▸ Information provided
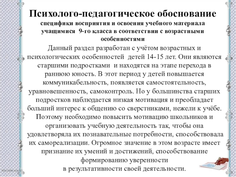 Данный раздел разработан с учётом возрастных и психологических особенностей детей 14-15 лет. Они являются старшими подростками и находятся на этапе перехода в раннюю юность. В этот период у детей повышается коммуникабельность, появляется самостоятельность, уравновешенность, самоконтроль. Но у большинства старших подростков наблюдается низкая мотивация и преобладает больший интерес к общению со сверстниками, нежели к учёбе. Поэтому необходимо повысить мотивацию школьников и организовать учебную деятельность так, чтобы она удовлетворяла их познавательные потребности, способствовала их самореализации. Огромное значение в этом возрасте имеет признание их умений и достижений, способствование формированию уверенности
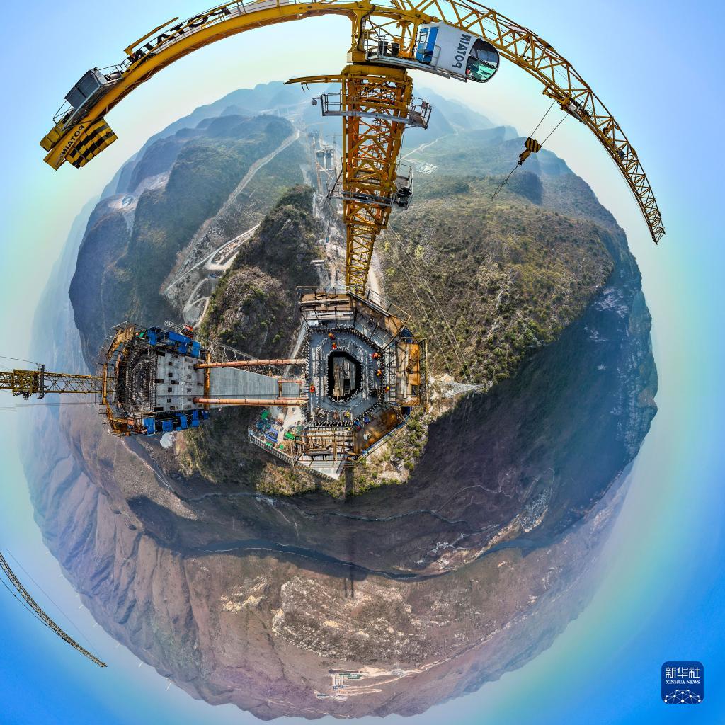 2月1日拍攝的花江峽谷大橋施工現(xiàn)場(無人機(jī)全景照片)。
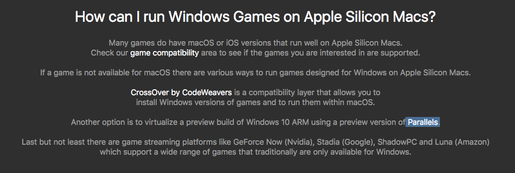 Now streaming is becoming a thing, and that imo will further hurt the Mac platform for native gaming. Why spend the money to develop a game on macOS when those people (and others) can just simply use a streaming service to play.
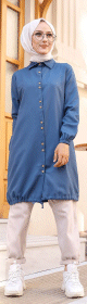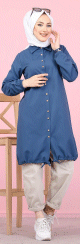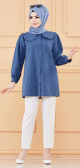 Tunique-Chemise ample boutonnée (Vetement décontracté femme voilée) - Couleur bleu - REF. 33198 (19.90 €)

▸ Task
Restate the full listing word for word, excluding images.

▸ Problem solution
 Данный раздел разработан с учётом возрастных и психологических особенностей детей 14-15 лет. Они являются старшими подростками и находятся на этапе перехода в раннюю юность. В этот период у детей повышается коммуникабельность, появляется самостоятельность, уравновешенность, самоконтроль. Но у большинства старших подростков наблюдается низкая мотивация и преобладает больший интерес к общению со сверстниками, нежели к учёбе. Поэтому необходимо повысить мотивацию школьников и организовать учебную деятельность так, чтобы она удовлетворяла их познавательные потребности, способствовала их самореализации. Огромное значение в этом возрасте имеет признание их умений и достижений, способствование формированию уверенности
 2月1日拍攝的花江峽谷大橋施工現(xiàn)場(無人機(jī)全景照片)。
 Now streaming is becoming a thing, and that imo will further hurt the Mac platform for native gaming. Why spend the money to develop a game on macOS when those people (and others) can just simply use a streaming service to play.
 Tunique-Chemise ample boutonnée (Vetement décontracté femme voilée) - Couleur bleu - REF. 33198 (19.90 €)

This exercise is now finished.